Go through the material line by line and copy each one with the word "that".

── MATERIAL SHOWN ──

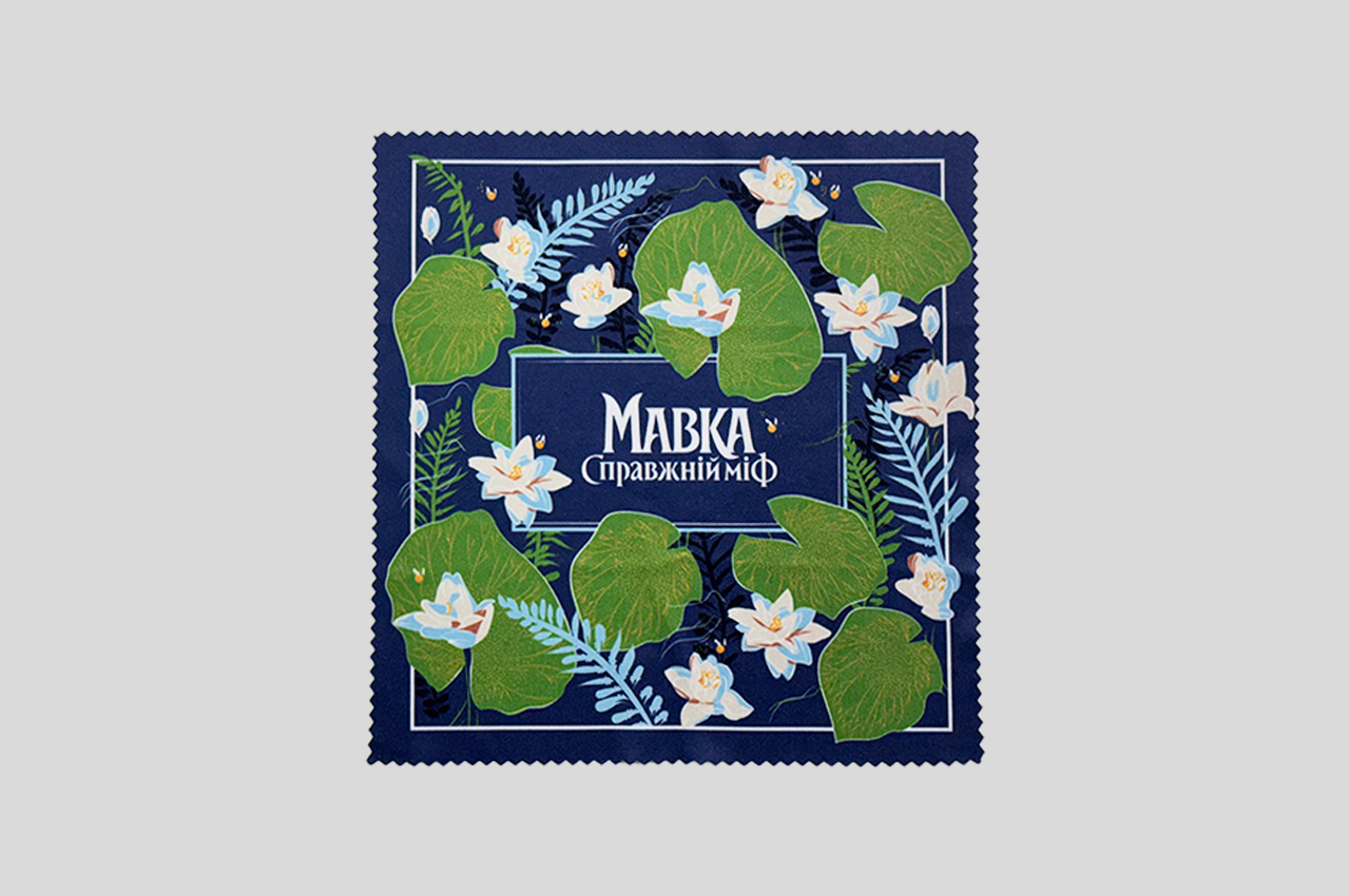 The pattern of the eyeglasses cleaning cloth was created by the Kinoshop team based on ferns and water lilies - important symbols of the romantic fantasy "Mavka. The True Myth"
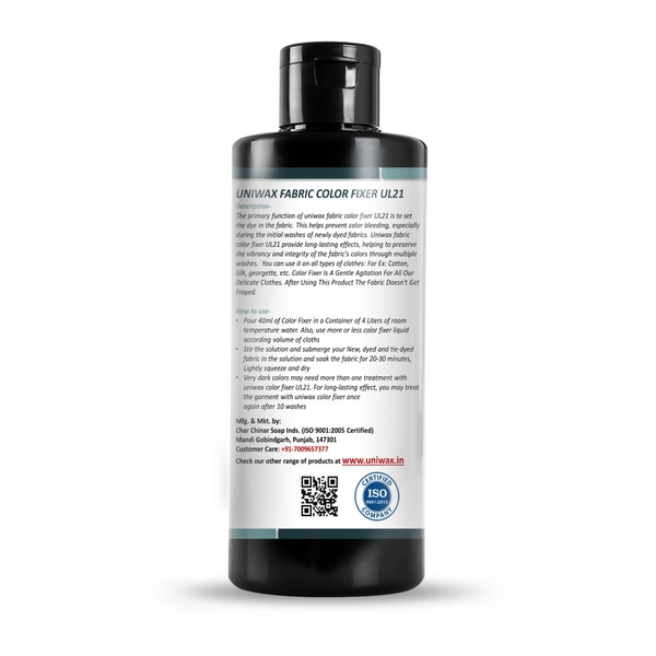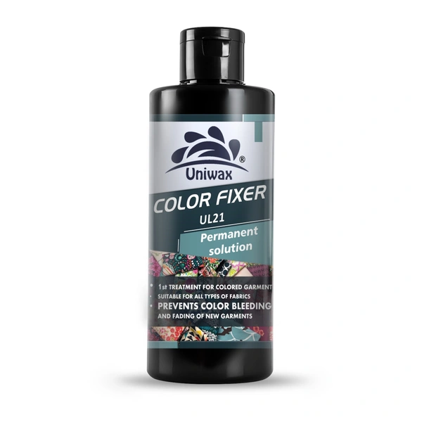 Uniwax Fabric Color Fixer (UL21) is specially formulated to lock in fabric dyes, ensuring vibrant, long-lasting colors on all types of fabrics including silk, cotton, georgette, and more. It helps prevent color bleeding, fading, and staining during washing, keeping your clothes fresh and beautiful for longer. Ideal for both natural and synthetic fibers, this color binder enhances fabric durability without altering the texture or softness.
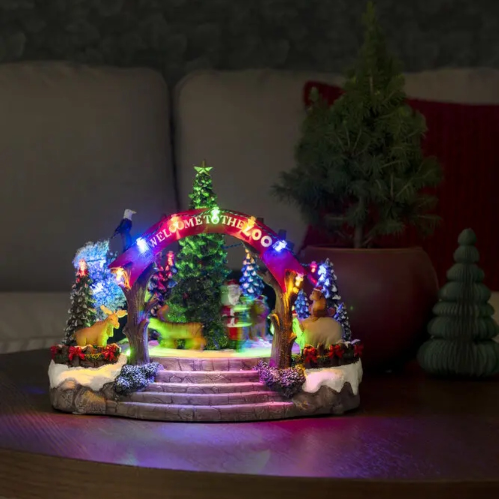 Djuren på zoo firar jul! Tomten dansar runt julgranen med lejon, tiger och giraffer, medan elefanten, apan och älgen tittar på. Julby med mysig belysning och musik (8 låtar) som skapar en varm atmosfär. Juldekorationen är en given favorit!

───
── MATERIAL SHOWN ──

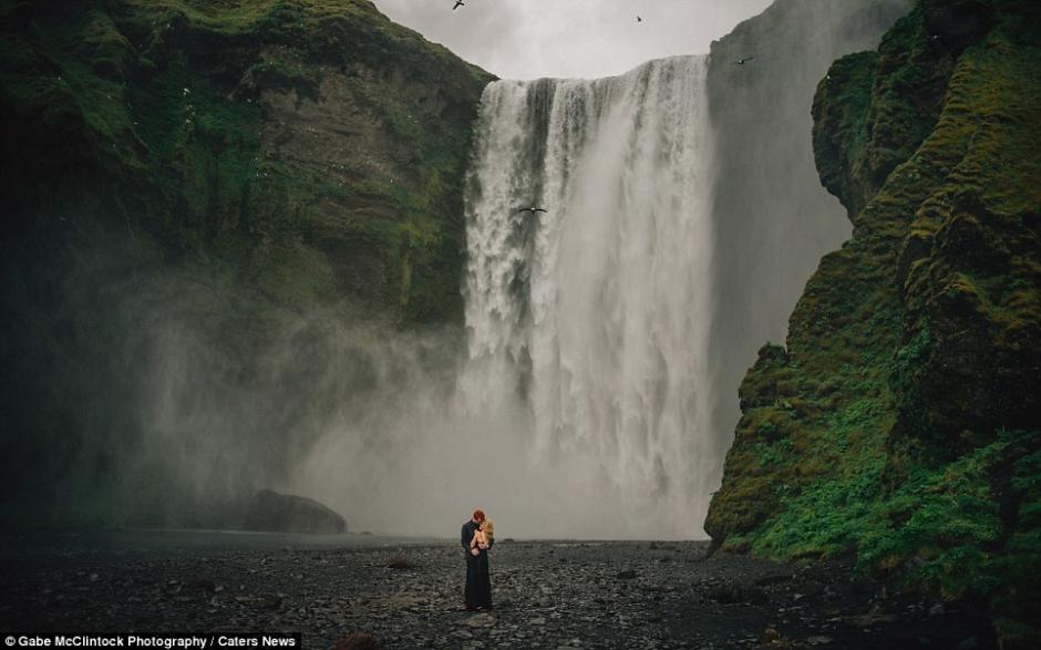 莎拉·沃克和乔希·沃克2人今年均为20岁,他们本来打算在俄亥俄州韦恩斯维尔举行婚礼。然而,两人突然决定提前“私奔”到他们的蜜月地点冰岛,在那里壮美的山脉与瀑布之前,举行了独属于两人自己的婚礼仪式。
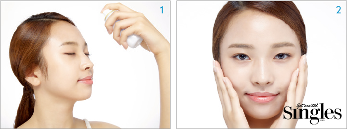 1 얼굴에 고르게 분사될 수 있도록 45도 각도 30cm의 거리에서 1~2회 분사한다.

───
── MATERIAL SHOWN ──

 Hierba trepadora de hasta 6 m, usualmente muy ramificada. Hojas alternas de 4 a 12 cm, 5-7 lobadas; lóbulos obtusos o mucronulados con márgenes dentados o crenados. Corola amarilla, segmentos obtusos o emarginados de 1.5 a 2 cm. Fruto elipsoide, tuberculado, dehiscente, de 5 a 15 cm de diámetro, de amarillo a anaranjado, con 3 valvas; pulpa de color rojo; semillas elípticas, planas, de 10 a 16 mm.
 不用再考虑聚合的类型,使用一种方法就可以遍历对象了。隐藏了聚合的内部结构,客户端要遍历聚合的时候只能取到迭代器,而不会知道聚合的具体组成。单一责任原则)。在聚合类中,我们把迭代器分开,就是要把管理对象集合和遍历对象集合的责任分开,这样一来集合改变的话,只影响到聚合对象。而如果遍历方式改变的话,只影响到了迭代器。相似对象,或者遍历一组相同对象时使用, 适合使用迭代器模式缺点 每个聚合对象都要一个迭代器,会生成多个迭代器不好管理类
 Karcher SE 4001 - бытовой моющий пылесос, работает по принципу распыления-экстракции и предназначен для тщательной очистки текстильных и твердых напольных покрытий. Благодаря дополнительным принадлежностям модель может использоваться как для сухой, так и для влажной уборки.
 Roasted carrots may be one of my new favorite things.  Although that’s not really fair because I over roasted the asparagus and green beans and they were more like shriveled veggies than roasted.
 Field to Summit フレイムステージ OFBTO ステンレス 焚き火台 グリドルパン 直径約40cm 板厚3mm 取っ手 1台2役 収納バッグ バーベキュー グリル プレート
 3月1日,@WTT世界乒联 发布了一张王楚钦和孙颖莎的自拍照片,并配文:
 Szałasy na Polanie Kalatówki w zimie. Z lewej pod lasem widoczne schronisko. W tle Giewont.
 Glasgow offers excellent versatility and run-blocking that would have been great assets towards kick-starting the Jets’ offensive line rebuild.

───

▶ [WRITTEN RESPONSE]:
 Roasted carrots may be one of my new favorite things.  Although that’s not really fair because I over roasted the asparagus and green beans and they were more like shriveled veggies than roasted.
 Glasgow offers excellent versatility and run-blocking that would have been great assets towards kick-starting the Jets’ offensive line rebuild.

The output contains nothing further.